Après le drame de novembre 1978 puis de nombreuses années passées à Tahiti, quasi abandonné, «Club Méditerranée» est acheté à petit prix par Bernard Tapie à Teura Krauze, la compagne d’Alain Colas qui n’a plus les moyens de l’entretenir.
L’homme d’affaires le rebaptise Phocéa en hommage à la ville de Marseille, et en fait, après 4 ans de travaux et 68 millions de francs d’investissements dirigés par son architecte concepteur Michel Bigoin, un navire de luxe équipé de cabines, de salons, d’espaces sportifs et ludiques... En 1997, la milliardaire Mouna Ayoub rachète Phocéa pour 6 millions d’euros, le ré-aménage pour 17 millions de dollars, en fait son adresse personnelle et le loue jusqu’à 210 000 € par semaine. Il a énsuite été racheté par "Xavier Niel, fondateur de Free, associé aux frères Rosenblum créateurs du site Pixmania pour une somme estimée à 10 millions d’euros" (source Voiles et Voiliers / Ouest-France). Le Phocéa a pris feu le 18 février 2021 en Malaisie avant de sombrer. Triste destin pour un formidable quatre-mâts de 72 mètres, symbole du génie français qui rend tous ceux qui aiment Alain Colas et rêvaient de revoir ce bateau mythique revenir en France, plus tristes encore. Pour l'anecdote, quand Bernard Tapie avait acheté le Club Med, il avait, sur le chemin du retour, battu le record de Charlie Barr de la traversée de l'Atlantique dans le sens Amérique Europe. Un record qu'Alain Colas avait lui-même tenté de battre sans succès (lors de son retour de sa Transat victorieuse) avec Manureva en 1972.
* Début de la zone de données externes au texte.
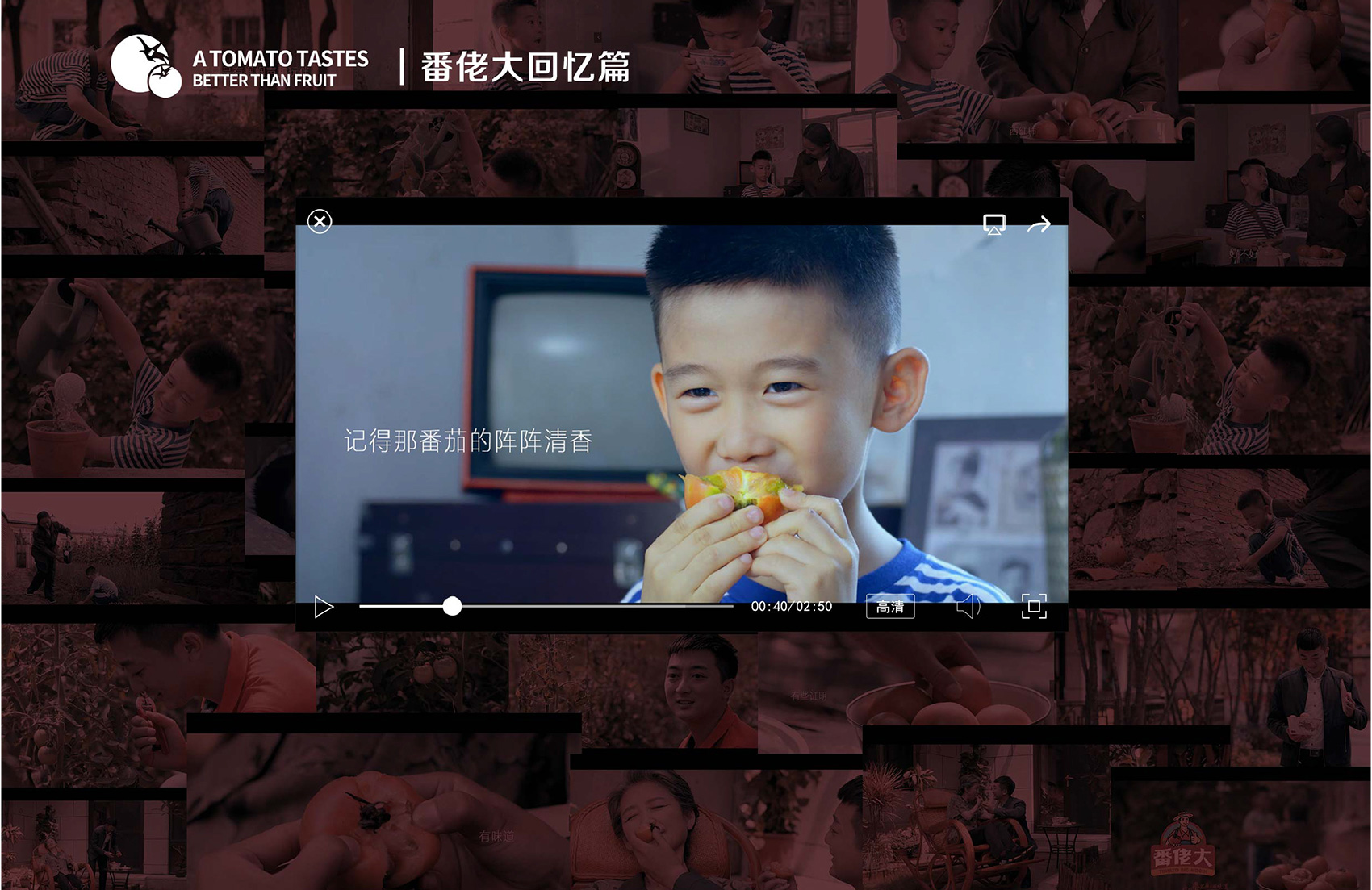 在以品牌理念與故事主導(dǎo)的回憶篇中,繽策構(gòu)思了一個(gè)有關(guān)過(guò)去回憶的小故事,一個(gè)饞嘴的小男孩,在夏日午后大汗淋漓的跑回家,媽媽親手掰開(kāi)的酸甜番茄,母子倆一起種下的種子……長(zhǎng)大后的得償所愿,繽策想表達(dá)的是曾經(jīng)的味道承載不僅僅是被埋沒(méi)在時(shí)光塵土中的老舊照片,而是那一段段難忘記憶的見(jiàn)證,找回美好的味道就是找回那些不變的美好,食物最動(dòng)人之處便是每每嘗到那種滋味,便重溫那些與最?lèi)?ài)的人之間的點(diǎn)點(diǎn)滴滴,用真情實(shí)感的構(gòu)建的故事最能打動(dòng)人心,而這與番佬大一直用高品質(zhì)生態(tài)番茄打動(dòng)所有味蕾的初心與信念不謀而合。對(duì)于場(chǎng)景中的過(guò)去場(chǎng)景的道具,繽策特別尋找了具有年代感的綠軍裝,鐵皮暖瓶,搪瓷盆,老式掛鐘等等,時(shí)代感撲面而來(lái),帶領(lǐng)觀眾穿越到了從前。沒(méi)有華麗的臺(tái)詞,沒(méi)有炫酷的特效,也沒(méi)有花哨的鏡頭,只有樸實(shí)真摯的情感流淌在其中,正如番茄酸中帶甜的味道,總能勾起平凡卻不尋常溫馨記憶。

Des Boers à Saïgon, le grand-père aventurier
Dans leur jeunesse, Alain et Jean-François Colas adoraient que leurs parents racontent les exploits de leur grand-père maternel parti très jeune à Madagascar où il devint l'interprète de la reine Ranavalona avant de partir combattre les Boers du côté de l'Afrique du Sud, d’aller explorer les peuples Moïs en Cochinchine et de finir capitaine du port de Saïgon !
De quoi alimenter la soif d’aventures d’Alain qui allait, avec son frère pour bras droit, révolutionner le monde de la voile sportive et la faire devenir ce qu’elle est aujourd’hui.
Cette partie du site www.ericleseney.com dédié à Alain Colas a été créé et écrit par Eric Le Seney et mis en page par Stéphanie Wulle.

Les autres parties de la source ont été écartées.